The only way to really get to know someone is to meet them. Chat to them. Strike up an acquaintance. A friendship, even. That is why, as someone I recently read commented, it’s not Father, Son and Holy Scripture. It’s Father, Son and Holy Spirit – and then the Bible.
Dawkins makes the point that what was so distinctive in Jesus was that his teaching didn’t come from just blindly following the scriptures. Jesus appeared to apply a bit of thought. Dawkins is very close to the truth there. In fact, Jesus got it right where so many of the religious leaders were getting it wrong because he knew the Father first. He knew what the book was likely to be saying.
I don’t know why those horrible passages are there. I find them repellent and can hardly bear to read them. But I know that like everything else in the Bible, they have to be taken in the context of everything else in the Bible. And you cannot base a morality on the Bible alone, because then you end up with the Inquisition and slavery and holy wars and ... so on. Spirit first, then Scripture – it’s the only way to go.

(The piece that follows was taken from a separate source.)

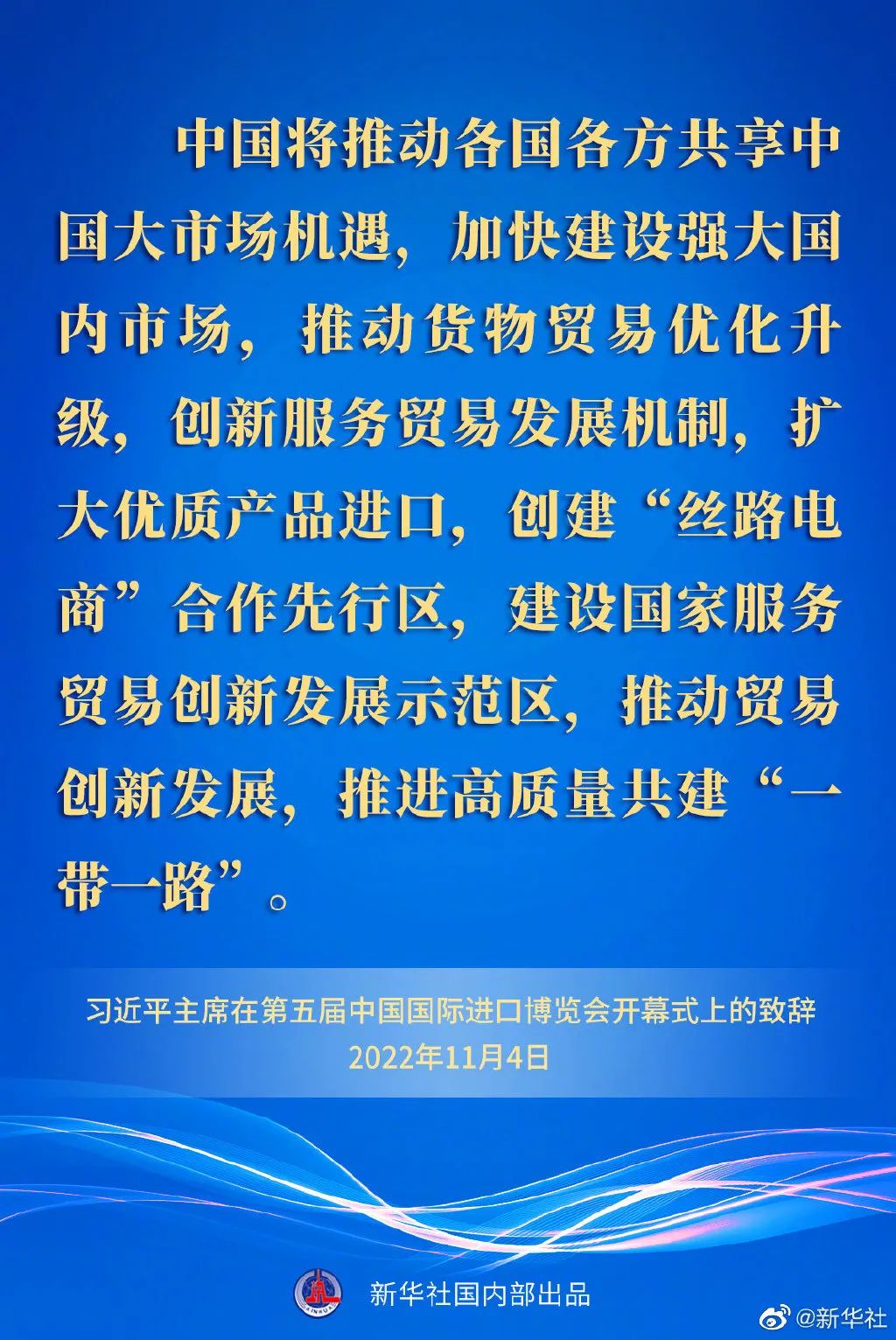 ——中國將推動(dòng)各國各方共享中國大市場機(jī)遇,加快建設(shè)強(qiáng)大國內(nèi)市場,推動(dòng)貨物貿(mào)易優(yōu)化升級,創(chuàng)新服務(wù)貿(mào)易發(fā)展機(jī)制,擴(kuò)大優(yōu)質(zhì)產(chǎn)品進(jìn)口,創(chuàng)建“絲路電商”合作先行區(qū),建設(shè)國家服務(wù)貿(mào)易創(chuàng)新發(fā)展示范區(qū),推動(dòng)貿(mào)易創(chuàng)新發(fā)展,推進(jìn)高質(zhì)量共建“一帶一路”。

Concluding thoughts will come in another post, because this is already long enough.
i'm sometimes frustrated by your non-commited attitude when it comes to some of these issues, but i have to say you analysed this one magnificently.

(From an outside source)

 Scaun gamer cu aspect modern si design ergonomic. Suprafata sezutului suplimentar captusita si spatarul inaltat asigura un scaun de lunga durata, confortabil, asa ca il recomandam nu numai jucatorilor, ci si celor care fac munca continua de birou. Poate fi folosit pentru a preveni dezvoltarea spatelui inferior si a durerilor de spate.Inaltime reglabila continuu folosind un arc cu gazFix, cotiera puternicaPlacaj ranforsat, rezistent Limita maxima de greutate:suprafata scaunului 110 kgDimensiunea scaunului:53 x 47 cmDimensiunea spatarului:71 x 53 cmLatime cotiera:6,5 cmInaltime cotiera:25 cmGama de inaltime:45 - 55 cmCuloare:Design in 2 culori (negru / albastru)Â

ReplyDeletefantastic analysis of the christian faith, and dawkin's attempt at understanding it.
i won't try to explain the horrid passages, but having read the OT up to the psalms i have to say i've found the God of the OT is nothing but love. :)
Very impressive analysis. I have to say I agree with a lot of what you wrote.
ReplyDeleteWith a bit of prompting Dawkins could have the making of a 'go for it' Christian.
We'll have to see happens though and trust it to God.
A very thought provoking series Ben. I look forward to the final instalment.